Oct. 8 (Bloomberg) -- Tin dropped to the lowest in over a year and nickel plummeted to a 33-month low on the London Metal Exchange as the credit crisis deepened, raising concerns that a slowdown in the global economy will curb demand for raw materials.

Copper plunged by the exchange-imposed daily limit for a third day in Shanghai as equities tumbled on concern more banks will topple as they run short of money. Japan's Nikkei 225 Stock Average dropped the most in over 20 years and Indonesia halted stock trading after the benchmark index slumped 10 percent.

``An economic slowdown will impact consumption for all metals,'' said Lin Yuhui, research manager at China International Futures Co. from Shenzhen today. ``People are just unwinding positions and exiting most markets.''

Tin, the best performer on the London Metal Exchange this year, dropped to a one-year low. The metal, used mainly in soldering, slumped 41 percent from a record $25,500 a metric ton reached May 15 and is down 8.1 percent this year.

Tin for delivery in three months fell 6.8 percent to $15,100 a ton at 2:19 p.m. Singapore time, the lowest since Sept. 19, 2007. Until the end of last week, tin was up for the year as stockpiles fell and China and Indonesia, the two biggest producers, curbed supplies.

Nickel, the worst exchange's worst performer this year, declined 2.8 percent to $13,801 a ton, the lowest since January 2006. The metal has fallen 47 percent this year as demand from the stainless steel industry, which accounts for two-thirds of total nickel use, weakened.

Copper Declines

Copper on the dropped as much as 4.4 percent to $5,380 a ton, the lowest intra-day level since Feb. 8, 2007. It traded at $5,420 at 2:32 p.m. Singapore time.

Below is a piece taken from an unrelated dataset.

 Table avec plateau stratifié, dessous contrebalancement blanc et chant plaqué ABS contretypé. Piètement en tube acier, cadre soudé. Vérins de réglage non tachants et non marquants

Copper for December delivery on the Shanghai Futures Exchange dropped by 2,920 yuan, or 6 percent, from the previous settlement price, to 45,720 yuan ($6,712) a metric ton when the exchange opened for trading at 9 a.m. local time.

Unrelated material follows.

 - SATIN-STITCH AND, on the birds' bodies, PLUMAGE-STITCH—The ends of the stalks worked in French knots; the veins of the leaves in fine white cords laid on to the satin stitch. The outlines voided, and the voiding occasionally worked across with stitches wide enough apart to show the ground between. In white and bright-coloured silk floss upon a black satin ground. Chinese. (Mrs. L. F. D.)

``Heightened nervousness in global equity markets will put the base metals on the back foot,'' Mark Pervan, Australia & New Zealand Banking Group Ltd.'s head of commodity research wrote in an e-mail today.

A rising U.S. dollar will also discourage buying, Pervan said. The dollar index, a weighted measure against six major currencies including the euro, yen and pound, has risen 2.1 percent since the start of the month.

Among other LME-traded metals, aluminum slipped 1.8 percent to $2,251 a ton, zinc was down 0.3 percent at $1,545, and lead lost 2.6 percent to $1,588 as of 2:33 p.m. in Singapore.